The First of a New Genus

Ann Kennedy Smith

Dinner with Joseph Johnson: Books and Friendship in a Revolutionary Age, by Daisy Hay, Vintage, 528 pp, £10.99, ISBN: 978-1784701079

The Garrick Club in the West End of London was founded in 1831, making it one of the oldest gentlemen’s clubs in the world; for almost two hundred years women have been allowed in only as dinner guests. But Michael Beloff KC, the lawyer who pronounced in 2011 that women could continue to be excluded by the Garrick legally, has recently changed his mind. He said that, in his opinion, the word ‘he’ in the original wording of the club’s rules should be understood to include ‘she’ and warned that it was ‘likely to provoke an expensive lawsuit’ if it continued to exclude women from membership. Whether the club will agree to lift its ban on female members remains to be seen.

The Garrick is one of many gentlemen’s clubs that were founded in eighteenth and nineteenth century London. All offered intellectual exchange and conviviality, and several ‑ including the Athenaeum on Pall Mall, Brook’s in Piccadilly and the Savile Club ‑ made enough profit to take over grand premises, charge large membership fees and survive into the twenty-first century. But it’s worth remembering that often the swankiest of these clubs had humble origins as informal dining and debating societies, and ironic that ‘The Literary Society’, founded by William Wordsworth and others in 1807 and described as ‘Britain’s most distinguished and discreet literary dining club’, still meets monthly at the Garrick, even though it elected its first women members in 2000.
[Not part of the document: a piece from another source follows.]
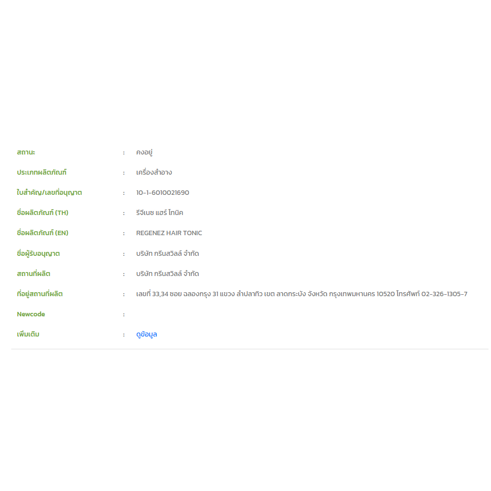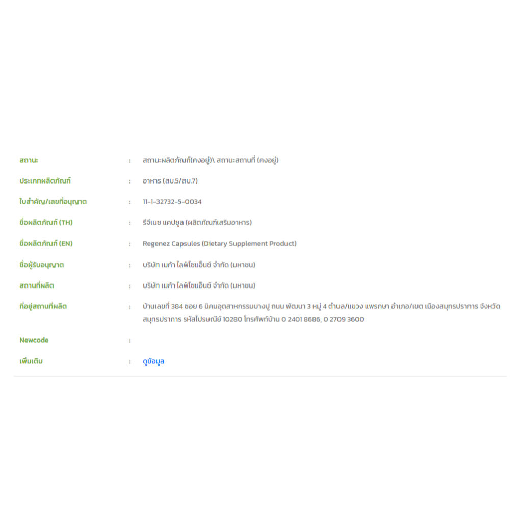 ชื่อผลิตภัณฑ์ (ไทย) : รีจีเนซ แคปซูล (ผลิตภัณฑ์เสริมอาหาร)

‘The evolution of the modern club has been so simple that it can be traced with great ease,’ writes Ralph Nevill in London clubs: their history and treasures (1911):

First the tavern or coffee-house, where a certain number of people met on special evenings for purposes of social conversation, and incidentally consumed a good deal of liquid refreshment; then the beginnings of the club proper ‑ some well-known house of refreshment being taken over from the proprietor by a limited number of clients for their own exclusive use, and the landlord retained as manager; and finally the palatial modern club, not necessarily sociable, but replete with every comfort, and owned by the members themselves. In such places, however, the old spirit of club-life is generally lost.
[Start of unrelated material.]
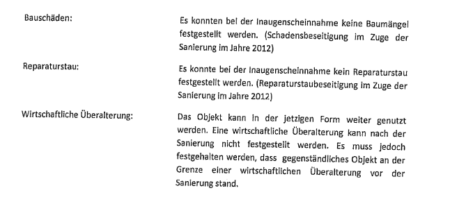 Das Gebäude sei demnach in Massivbauweise errichtet. Bei der Inaugenscheinnahme am 1.2.2013 nach der erfolgten Sanierung hätten keine Baumängel festgestellt werden können. Eine fehlende Dämmung gegen Schall, Wärme und Feuchtigkeit, mangelnde Verarbeitung und konstruktive und optische Mängel seien im Zuge der Sanierung beseitigt worden. Ein ursprünglich gegebener Reparaturstau sowie die drohende wirtschaftliche Überalterung sei bei der Sanierung beseitigt worden. Unter Punkt 4. des Gutachtens werden eine Reihe von wertbeeinflussenden Mängel vor Sanierung dargestellt (z.B.: Durchfeuchtungsschäden beim Zubau; reparaturbedürftige Fassade, Türen und Dacheindeckung; am Ende der Lebensdauer befindliche Treppen, Bodenbelege, Fenster, Elektroinstallation und Dachrinnen; erneuerungsbedürftige Heizung-, Warmwasser- und Sanitäranlagen; schlechter Allgemeinzustand). Die erheblichen Bauschäden am Zubau wurden (nach Ansicht des Richters im Widerspruch zu anderen Ausführungen im Gutachten) als nicht sanierbar bezeichnet.

One of the most famous institutions was the Literary Club, usually simply known as ‘The Club’, which met at the Turk’s Head tavern in Soho. It was started in 1764 by Samuel Johnson and Joshua Reynolds, though another founding member, Edmund Burke, could claim to have had more experience of ‘the old spirit of club-life’. In 1747, while a sixteen-year-old student at Trinity College Dublin, he had started one of the first student discussion societies. In 1770 ‘Burke’s Club’ combined with TCD’s Historical Club to become the College Historical Society, popularly referred to as ‘The Hist’. This year it has been confirmed in the Guinness Book of Records as the world’s oldest continuously running debating society.

In Samuel Johnson’s club women seem to have been present only to bring in food and clear away the dirty plates, but Daisy Hay’s new book, Joseph Johnson: Books and Friendship in a Revolutionary Age, draws attention to another equally influential yet informal eighteenth century dining society that met for over thirty years at the home of the publisher Joseph Johnson. ‘All those who dined were connected by a web that spun outwards from Johnson’s house through the medium of paper,’ Hay writes, ‘as conversations begun within the privacy of the dining toom stretched out – often in public view – across the country and over the decades.’ Johnson’s many guests did not come because of the food ‑ usually it was the same ‘citizen’s dinner’ of boiled cod, roast veal and rice pudding – but for the conversation. From the start, women writers contributed to those stimulating discussions and were treated as equals.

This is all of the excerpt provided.